There is just way too much that has been brought to light, so I will just provide a link to the stories [Update: Links to the entire series of news stories in The Indian Express are collected at this page]:
- From The Indian Express, a whole bunch of stories, an explainer and aan interview, all by Shyamlal Yadav:
- Inside India’s fake research paper shops: pay, publish, profit. "Despite UGC blacklist, hundreds of ‘predatory journals’ thrive, cast shadow on quality of faculty and research nationwide."
- V-Cs, AIIMS, IIT professors on list: ‘Students sent it, we don’t know’. "Most of them figure in publications brought out by Hyderabad-based OMICS and Turkey-based WASET, which claim to organise research conferences across the world."
- How the pay-and-publish business works. "The pressure to publish, and to present papers at conferences in order to collect the marks needed for recruitments/promotions often incentivises pay-to-publish practices."
- Fake Science: 1 journal to 1,500 in 10 years, Hyderabad is hub of pay & publish. "Fake Science part-II: Most of these journals exist online and are operated by companies based across the city, including the posh Banjara Hills, but flaunt addresses from abroad on their websites, mostly in the US and UK."
- Fake Science, Part III: Energy cure, God university get prime space for money. "The Indian Express accessed over 90 articles published by Trivedi and found similar claims in all.
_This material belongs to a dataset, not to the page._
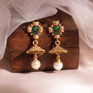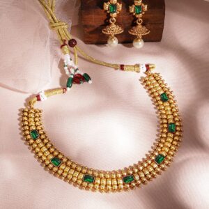 Be the first to review “22K Gold-Plated Emerald Stone Studded Necklace Set with Gold Beads and Pearl Drops – Green”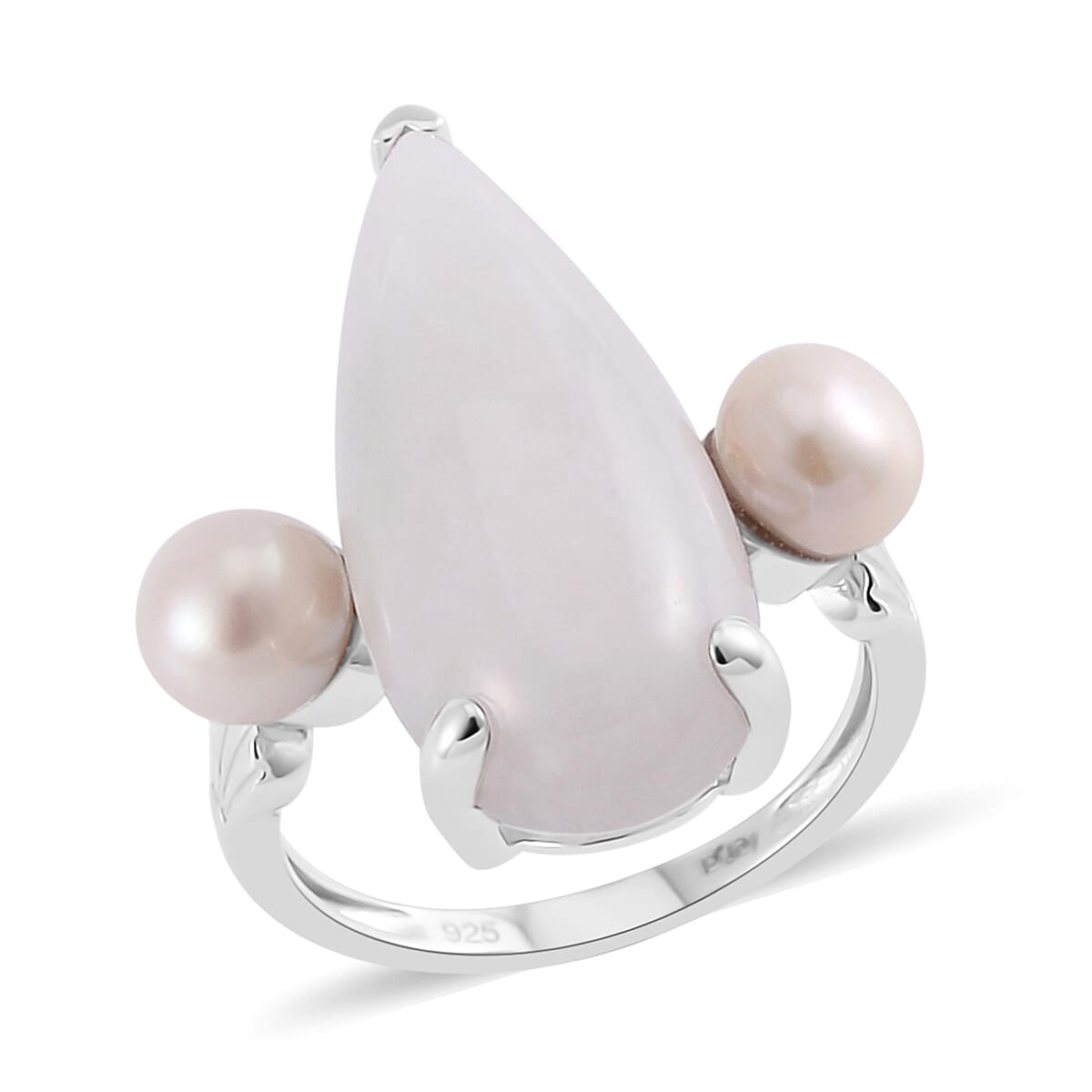 This natural jade ring for women features a pear-shaped jade stone at its center, flanked by freshwater pearls on either side. This freshwater pearl ring is crafted from platinum over sterling silver, showcasing a prong setting for each gemstone.

He also claims to have developed 'Trivedi Water', which is listed on Amazon but is 'currently unavailable'."
- An iterview with Jeffrey Beall, the man who first came up with the description "predatory" to describe these journals and publishers: Jeffrey Beall: ‘Predatory publishers threaten scientific integrity, are embarrassment to India’. "Beall said that universities need to re-examine how they evaluate faculty and should not give credit for publications in fake journals."
- Scilla Alecci in ICIJ Blog: New international investigation tackles ‘fake science’ and its poisonous effects. Has links to some of the other articles from other countries, notably Germany and France.
- NDR: More than 5,000 German scientists have published papers in pseudo-scientific journals. It has a lot of info about articles and news stories from the other partners, but without providing links!